Нас снова подбросило, теперь уже в другую сторону. С той стороны бронированного кузова доносились глухие удары.
— Нас атакуют, — сообщила Салтыкова.
Глава 21
— Это Бестужев, — сказал Фудзи.
— Вы уверены? — откуда-то из-под стола уточнила Салтыкова.

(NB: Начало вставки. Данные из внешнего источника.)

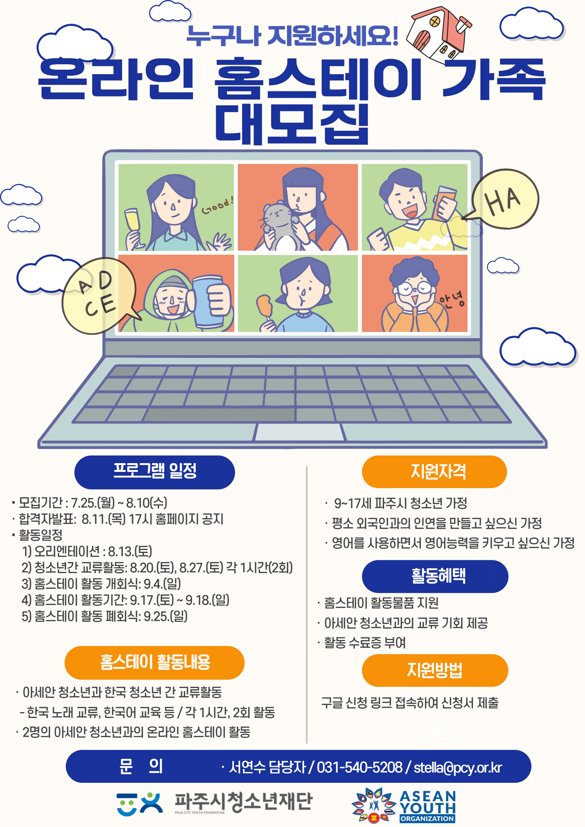- 9~17세 파주시 청소년 가정(8.20.토, 8.27.토 1시간 아세안 청소년과의 교류활동이 가능한 파주시청소년 환영!)

— Убеждён, — верхом на Фудзи сидела Любава, и голос его звучал несколько сдавленно. — Ему ничего не остаётся, как пойти ва-банк.
Госпожа председатель уже вскарабкалась в своё кресло и теперь поправляла одежду.
— Он несколько раз приходил в бункер, — добавил Фудзи. Они с Любавой уже разобрались, где чьи конечности и тоже уселись на места. — Знаете, Данила Андреевич человек очень изобретательный, — он вновь тронул шею, сзади. — И цепкий. Как бульдог.
Когда мы все разместились в креслах, те изменились. Исчезли твёрдые подлокотники, сиденья углубились, сделались более упругими. Наши тела обхватила мягкая упряжь.
— У нас нет доказательств, — Салтыкова уже нацепила очки и что-то просматривала, быстро двигая глазами.
— Он сам признался, что дракон, который атаковал самолёт Соболева — его работа, — сказал Фудзи. — Граф решил похвастаться: чего он смог добиться с помощью не одного Артефакта, а нескольких, связанных в цепь. Утверждал, что тварь, которую в конце концов уничтожили мы, втроём, он создал в одиночку.
— Тем не менее, нам нужны доказательства, которые можно предъявить в суде, — гнула своё госпожа председатель. — Или хотя бы государю.
Мне показалось, что Любава собирается что-то добавить. Но Салтыкова бросила на девушку предостерегающий взгляд, и та промолчала.
Стёкла очков Салтыковой вдруг осветились, и тут же потухли.
— В Каховку ехать нельзя, — сказала она сделавшимся вдруг чужим и жестким голосом. — Князь прислал сообщение: на поместье напали неизвестные личности.
Ёкнуло сердце: я переживал за Соболева. Этот несгибаемый человек принял меня в семью, признал своим по крови — и теперь я ощущал чисто родственный страх за его жизнь.
— Новое сообщение, — объявила Салтыкова. — Князь сообщает, что волноваться не о чем: в поместье достаточно защитников, а дом отлично укреплён. Они справятся.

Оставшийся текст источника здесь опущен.